El ejemplo de Aristóteles, que Agustín ilustra con una experiencia personal ligeramente modificada, es el de un gusano al que se secciona en varias partes y, no obstante, sigue moviéndose en todas ellas. San Agustín sostiene que puede deberse a que "el aire y el fuego" que integran al animal escapan por las heridas recién abiertas, de manera que cuando abandonan completamente el cuerpo cesa el movimiento. Pero a continuación, dando pruebas de una gran honestidad intelectual, narra el caso de un ciempiés partido en dos cuyas respectivas partes siguen andando en direcciones opuestas, viviendo ambas más tarde, y de las que, de no observarse este proceso, se habría dicho que eran dos animales distintos; esto es, engendrados separadamente.
Pues bien, a tal dificultad San Agustín no sabe responder nada claro. Se refugia en nuestra ignorancia y reconoce algo contrariado que ese gusanillo pone en aprietos a toda su teorización anterior, que no obstante es cierta "a priori", por lo que deduce que algo debemos estar interpretando mal en la experiencia. En un intento por zafarse, compara el cuerpo y el alma con las letras de una palabra y su significado, alegando que hay palabras divisibles que pueden mantener su significado después de la división, y otras que no, por lo que todo radicaría en cómo se divide.
Sin embargo, el santo no explica con ello de qué modo un alma inextensa puede estar en dos cuerpos separados, o regirlos de forma opuesta.

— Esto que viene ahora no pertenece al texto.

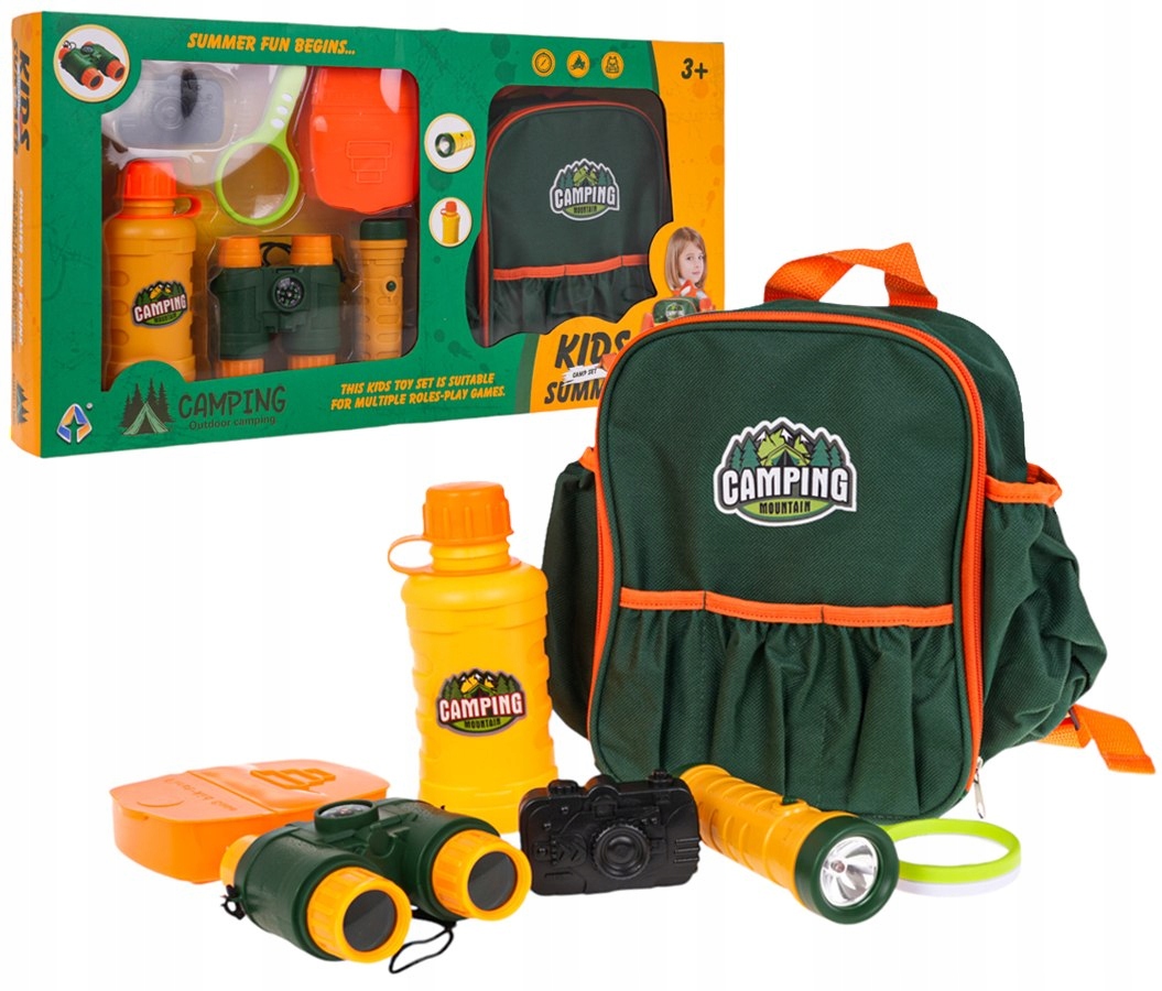 Набор маленького исследователя с рюкзаком + аксессуары из 3 лет. Комплект включает в себя рюкзак, бинокль, фонарик, увеличительное стекло, контейнер для напитков, контейнер для еды, камера. Рюкзак содержит многочисленные отсеки, чтобы он мог вместить все оборудование небольшого исследователя. Фонарик питается на 2 x AAA 1,5 В батареи (не входит в комплект).

La analogía de las palabras divisibles, además, no deja de ser una falacia, si la he entendido bien, pues ningún significado puede descomponerse permaneciendo idéntico, sino que siempre remitirá a elementos más primitivos.

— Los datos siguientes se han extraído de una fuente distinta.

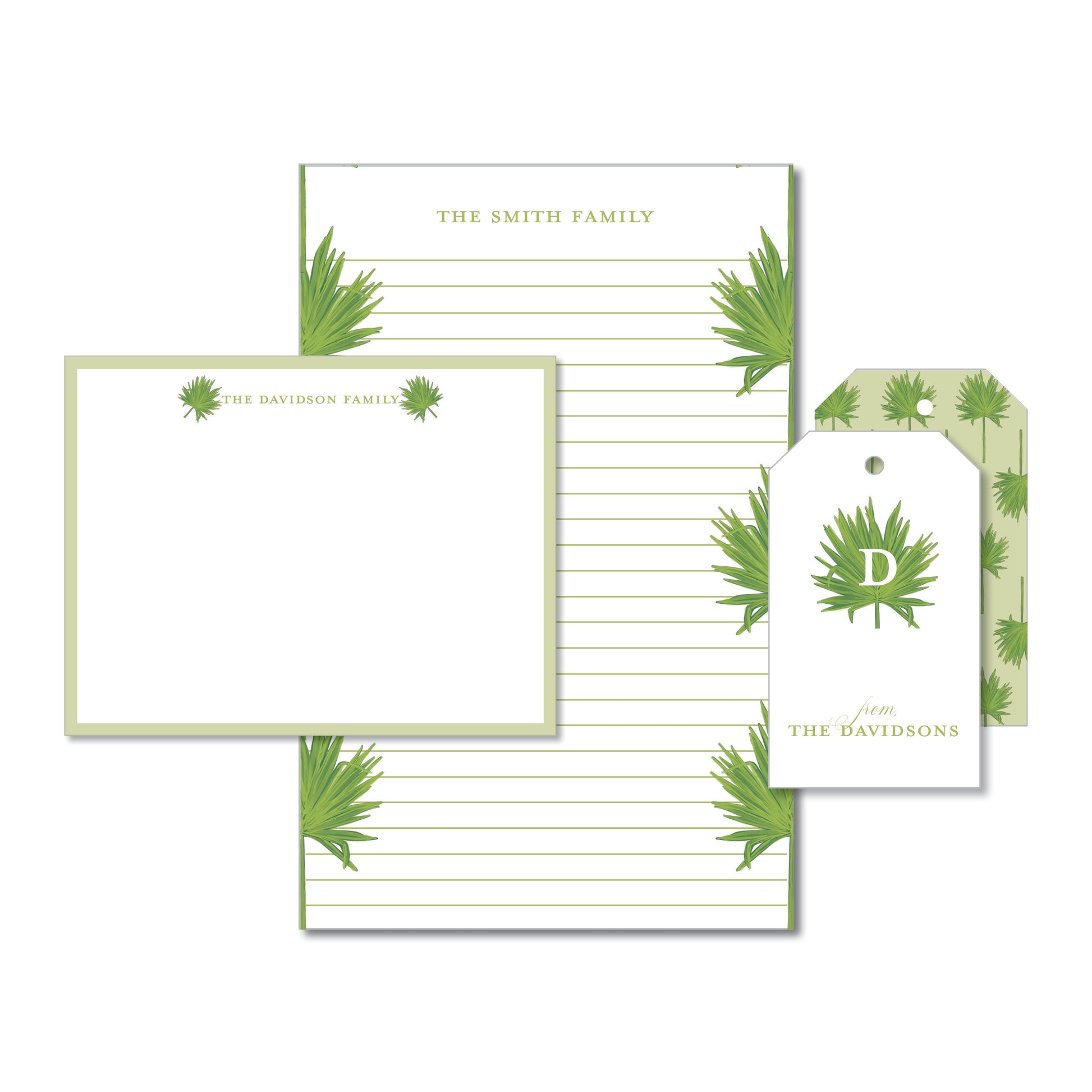 Small set includes: 10 notecards (5.5x4.25") with envelopes, 16 gift tags (2.375x4”) and 1 notepad (5.5x8.5” with 50 sheets)

La buena noticia es que todo esto queda resuelto por la Monadología de Leibniz. No hay un alma en cada cuerpo, asignada al comienzo de los tiempos, sino infinitas, si bien sea una en exclusividad la que rija sobre las demás mientras las cosas sigan como están en el cuerpo. Si el cuerpo cambia, esa mónada central puede ceder su primacía o verla amputada. En seres complejos como el hombre, con un sistema nervioso centralizado en el cerebro, ello no es posible en principio, pero en un gusano sí. Un gusano no tiene un cerebro, contando en su lugar con un sistema nervioso en el que muchas de sus partes son cerebros en potencia, potencia que para actualizarse sólo requiere de un pequeño cambio en el cuerpo.

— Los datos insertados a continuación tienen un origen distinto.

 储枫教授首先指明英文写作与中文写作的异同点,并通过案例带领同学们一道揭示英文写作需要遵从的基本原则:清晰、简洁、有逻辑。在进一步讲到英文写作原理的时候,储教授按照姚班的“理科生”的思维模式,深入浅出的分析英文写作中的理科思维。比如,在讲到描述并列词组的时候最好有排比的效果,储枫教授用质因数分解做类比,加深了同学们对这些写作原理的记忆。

Es el monismo substancialista el que traciona a San Agustín, mientras que la Monadología es un pluralismo substancialista. Poseemos como cuerpos mónadas infinitas e irreflexivas y sólo un alma capaz de apercepción, forma del cuerpo, cuya función aglutinadora define a éste. Media una distancia tal entre ambos tipos de mónadas, que no es razonable pensar que las primeras podrán ocupar naturalmente el lugar de las segundas en el hombre, al menos en el hombre desarrollado, cosa que sí sucede en el gusano, porque carece de alma "strictu sensu" y sólo tiene un principio automotor en acto, junto a muchos en potencia.
Se dirá que la hipótesis de las mónadas es superflua y no explica nada que no quede comprendido en la hipótesis materialista. Pero yo no estaría tan seguro; mas, aunque así fuera, se habría demostrado que es congruente con la experiencia. Y digo que no estaría tan seguro porque el materialista siempre tiene serios problemas para identificar lo que es un cuerpo, dado que ve en la materia un continuo de influencia recíproca que sólo establece pseudodiscontinuidades (cuerpos) en función de su nivel de organización.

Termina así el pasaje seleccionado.